- Exercise description
From the records below, print exactly the lines starting at the one containing "1月24日下午,正值大年三十" and ending at the one containing "Beautiful waterfront lots", ends included, and nothing else.

- Records provided
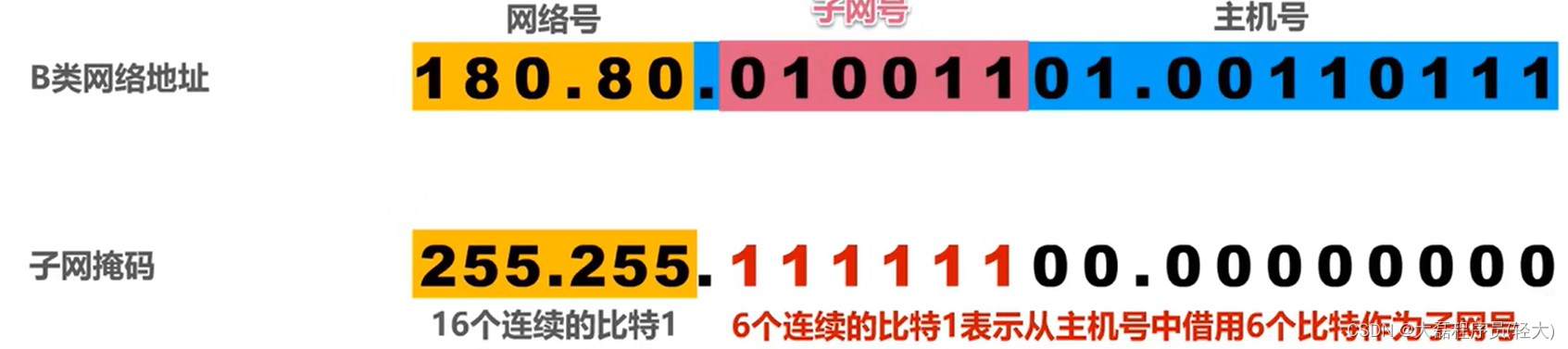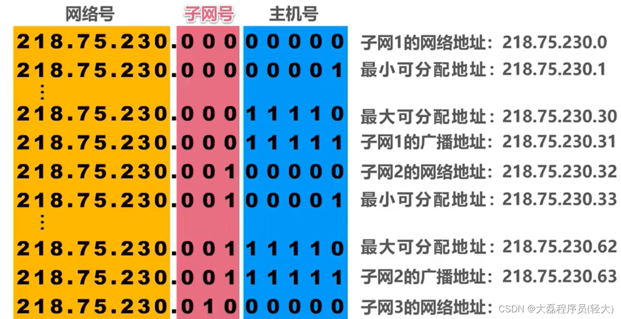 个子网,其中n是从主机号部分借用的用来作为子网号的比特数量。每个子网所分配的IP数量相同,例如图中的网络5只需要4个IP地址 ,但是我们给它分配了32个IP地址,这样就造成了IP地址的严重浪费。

...

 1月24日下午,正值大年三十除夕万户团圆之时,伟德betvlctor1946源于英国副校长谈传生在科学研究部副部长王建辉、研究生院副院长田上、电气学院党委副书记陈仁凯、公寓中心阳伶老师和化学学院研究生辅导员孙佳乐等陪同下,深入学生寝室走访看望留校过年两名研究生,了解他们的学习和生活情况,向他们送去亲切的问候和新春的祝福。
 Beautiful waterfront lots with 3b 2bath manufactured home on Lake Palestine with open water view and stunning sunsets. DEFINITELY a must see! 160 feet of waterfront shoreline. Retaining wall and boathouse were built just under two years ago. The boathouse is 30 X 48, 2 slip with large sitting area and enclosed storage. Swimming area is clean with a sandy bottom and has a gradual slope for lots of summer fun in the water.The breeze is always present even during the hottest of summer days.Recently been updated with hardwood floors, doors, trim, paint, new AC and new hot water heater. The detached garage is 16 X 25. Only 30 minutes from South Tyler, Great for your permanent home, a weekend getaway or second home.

---

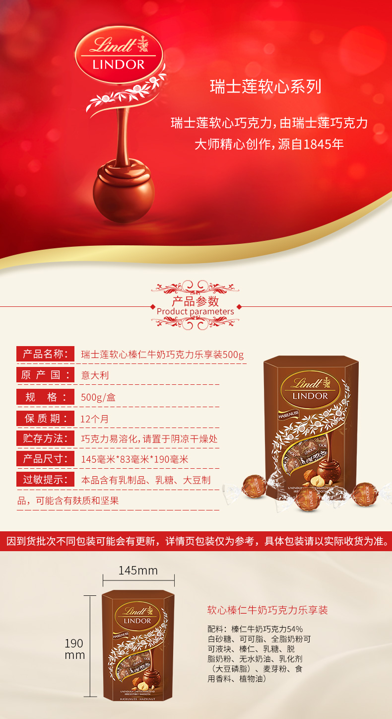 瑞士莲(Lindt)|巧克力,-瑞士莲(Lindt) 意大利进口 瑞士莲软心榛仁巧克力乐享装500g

- Answer below
 1月24日下午,正值大年三十除夕万户团圆之时,伟德betvlctor1946源于英国副校长谈传生在科学研究部副部长王建辉、研究生院副院长田上、电气学院党委副书记陈仁凯、公寓中心阳伶老师和化学学院研究生辅导员孙佳乐等陪同下,深入学生寝室走访看望留校过年两名研究生,了解他们的学习和生活情况,向他们送去亲切的问候和新春的祝福。
 Beautiful waterfront lots with 3b 2bath manufactured home on Lake Palestine with open water view and stunning sunsets. DEFINITELY a must see! 160 feet of waterfront shoreline. Retaining wall and boathouse were built just under two years ago. The boathouse is 30 X 48, 2 slip with large sitting area and enclosed storage. Swimming area is clean with a sandy bottom and has a gradual slope for lots of summer fun in the water.The breeze is always present even during the hottest of summer days.Recently been updated with hardwood floors, doors, trim, paint, new AC and new hot water heater. The detached garage is 16 X 25. Only 30 minutes from South Tyler, Great for your permanent home, a weekend getaway or second home.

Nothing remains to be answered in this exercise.